** Opening SUPPLIED MATERIAL block **

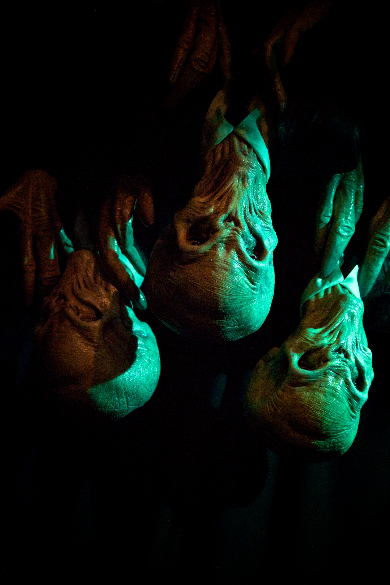 The Silences Doctor Who Experience
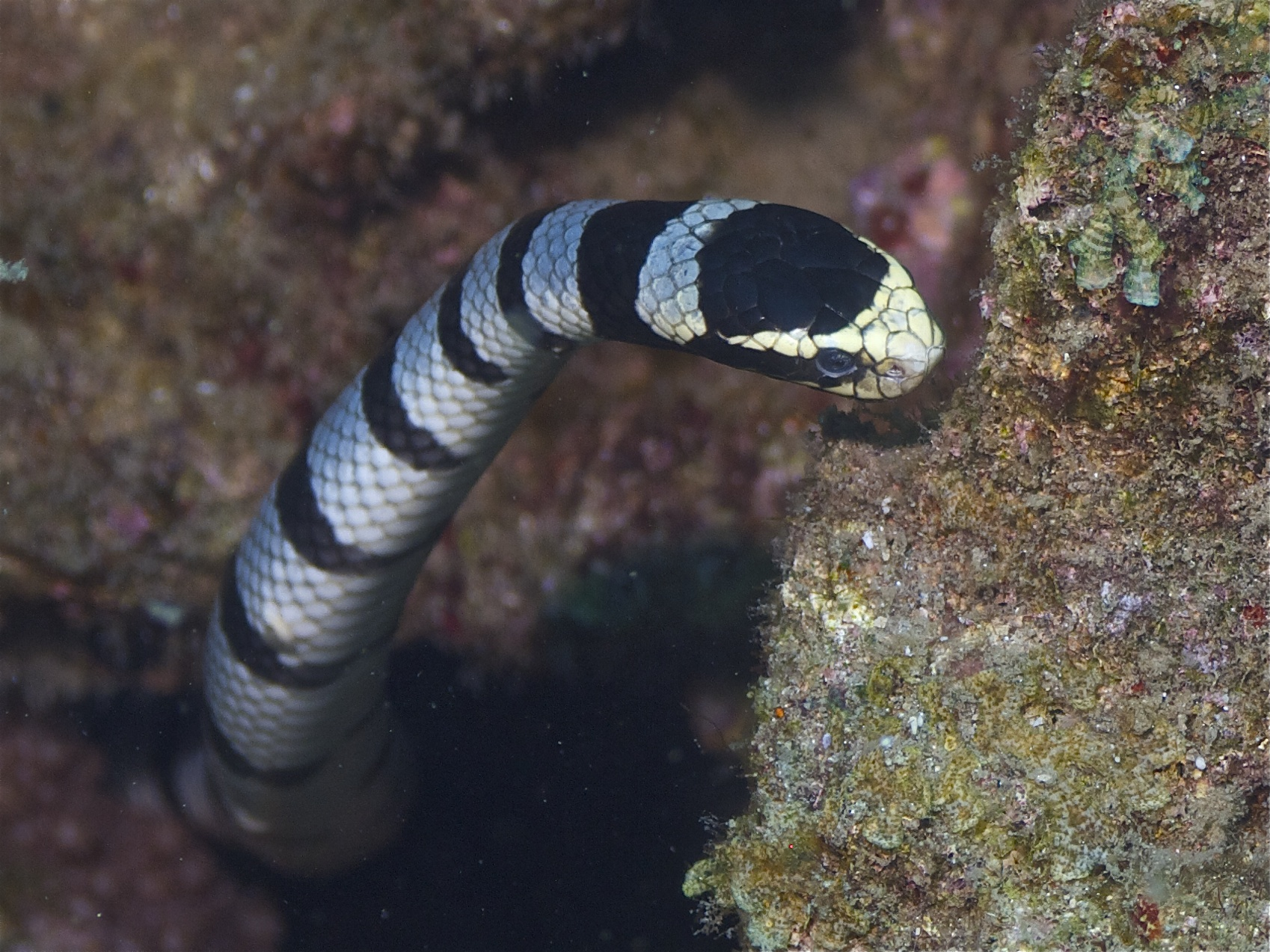 A yellow-lipped sea krait (Laticauda colubrina) in Zamboanguita, Central Visayas, Philippines.
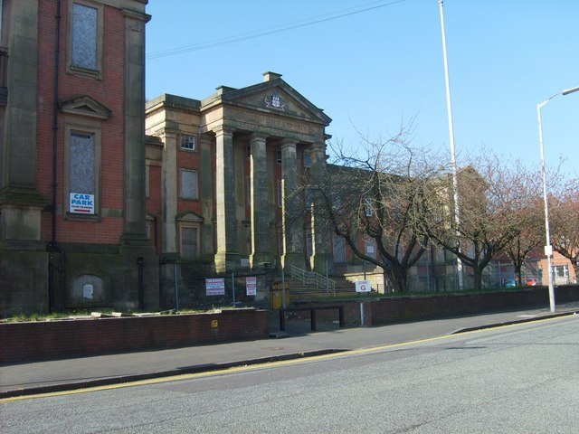 The Royal Hospital Once the main hospital in Wolverhampton ,now lies unused its services moved to New Cross Wednesfield.

** Closing SUPPLIED MATERIAL block **

Exact output of each line above is wanted, without the pictures.

 The Silences Doctor Who Experience
 A yellow-lipped sea krait (Laticauda colubrina) in Zamboanguita, Central Visayas, Philippines.
 The Royal Hospital Once the main hospital in Wolverhampton ,now lies unused its services moved to New Cross Wednesfield.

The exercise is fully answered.